Case in point: LightShed Partners analyst Richard Greenfield told investors in a note today that the vMVPD model remains “broken.”
“As it turns out, vMVPD’s really did not offer much of a fresh start for the multichannel video industry,” Greenfield wrote.
Rather than rebuild the channel bundle from the ground up, separating out networks nobody watches from essentials like major broadcast networks and ESPN, vMVPD bundles have been influenced by the same economic gravity as their traditional forebears.

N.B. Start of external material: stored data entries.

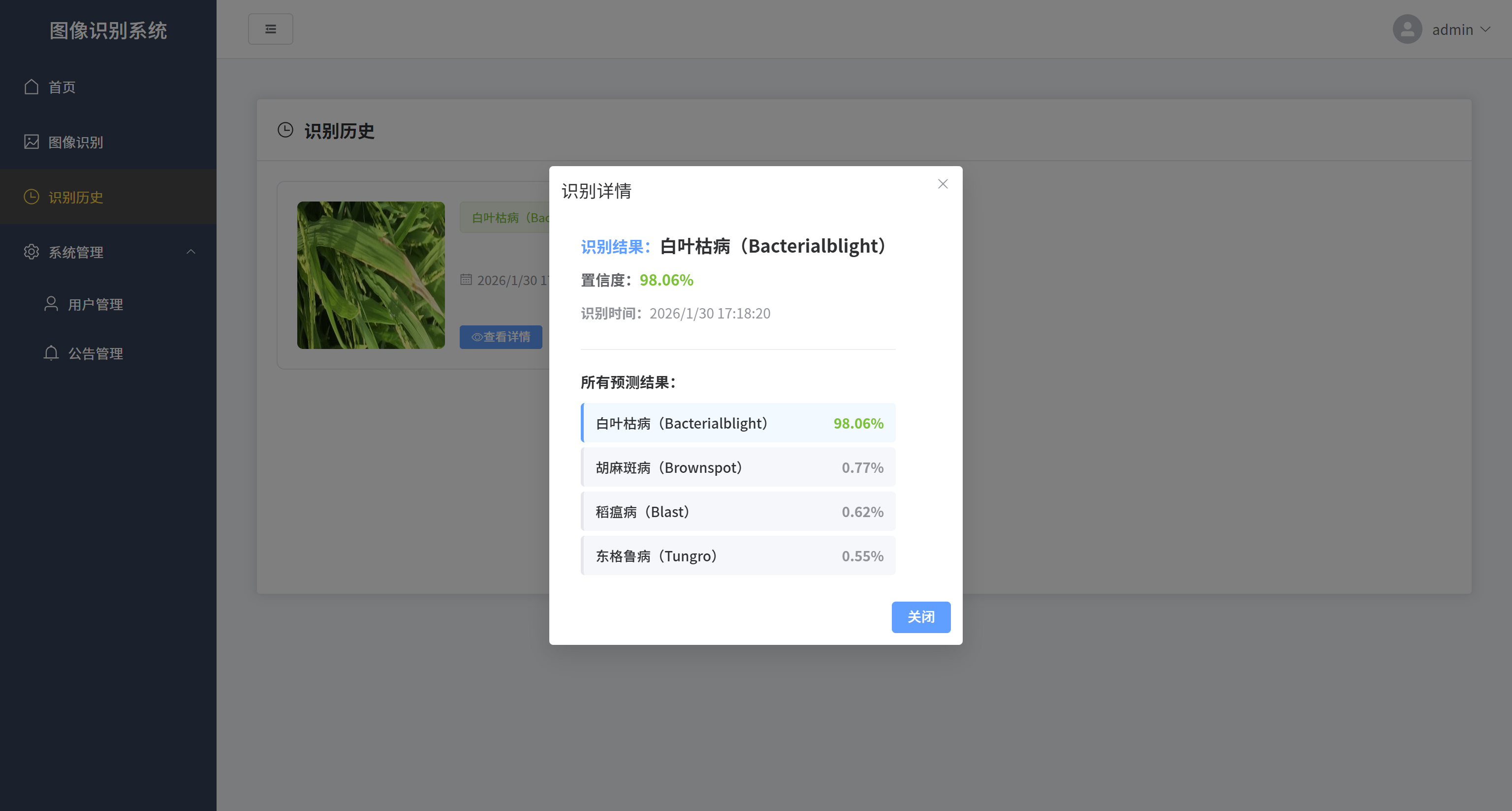 水稻病害识别系统是一款基于深度学习技术的智能农业辅助工具,旨在帮助农民和农业技术人员快速、准确地识别水稻常见病害。系统支持识别四种主要水稻病害:白叶枯病(Bacterial blight)、稻瘟病(Blast)、胡麻斑病(Brown spot)和东格鲁病(Tungro)。
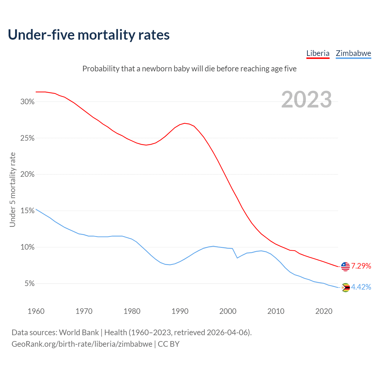 The chance that a newborn baby will die before reaching age five is 7.29% in Liberia and 4.42% in Zimbabwe. Above is a chart with historical data on under-five mortality rates.
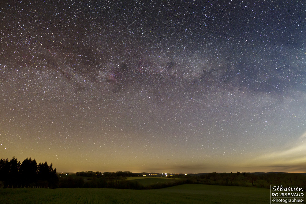 La Voie Lactée et les constellations du Cygne au Scorpion se dévoilent de l'horizon nord-est à l'horizon sud.
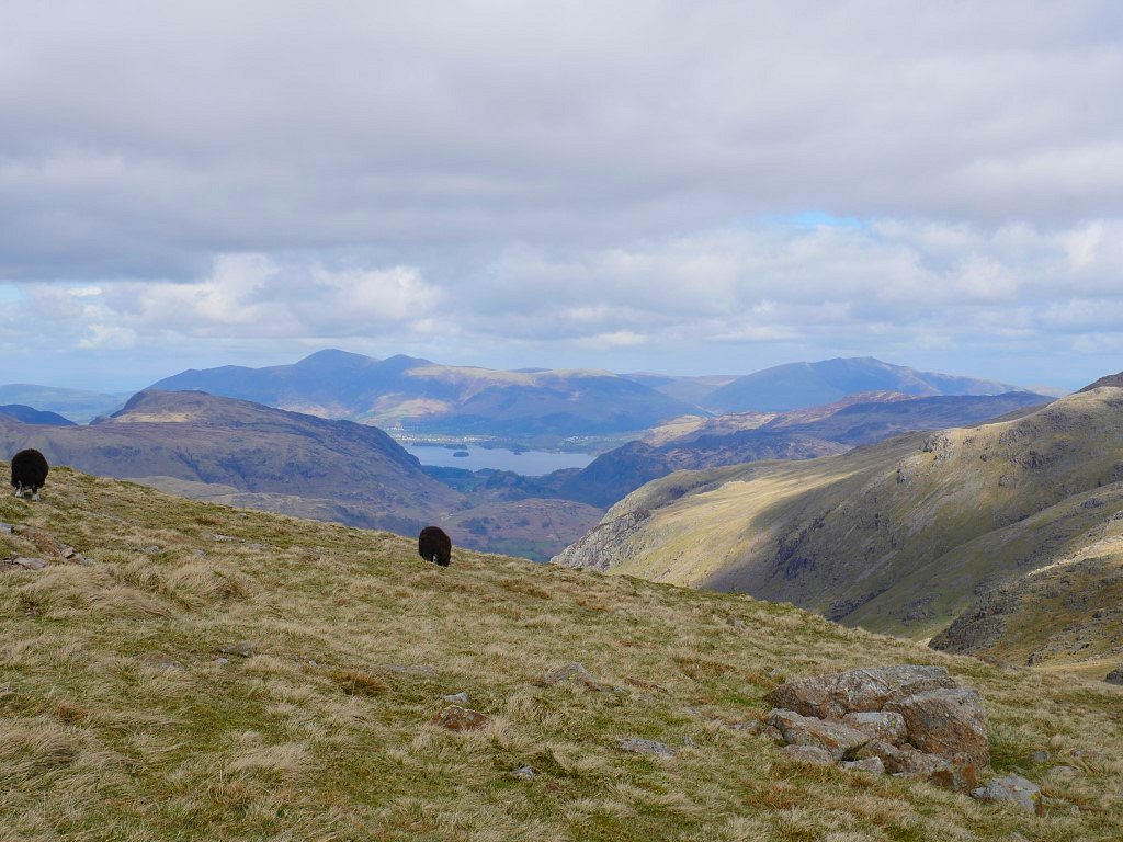 Rather than tackle the steep slopes leading directly to the summit area of Esk Pike I swerved to the right to meet the path coming up from Ore Gap and for the first time today got a view northwards to Derwentwater, Skiddaw and Blencathra.

Greenfield specifically noted today’s ViacomCBS announcement that it has infiltrated 14 additional cable networks onto No. 1 vMVPD Hulu Plus Live TV. This latest carriage deal, the analyst said, demonstrates the “strategic merit” of the 2019 merger of Viacom and CBS Corp., which hitched the Viacom cable networks many of the vMVPDs were beginning to realize they could live without to more essential CBS assets, such as the CBS Broadcast Network.
Also read: FuboTV’s Wild Holiday Bender: Stock Comes Crashing Back to Earth After Spiking 61%
ViacomCBS had already used this newfound leverage to position the same networks on No. 2 vMVPD, YouTube TV.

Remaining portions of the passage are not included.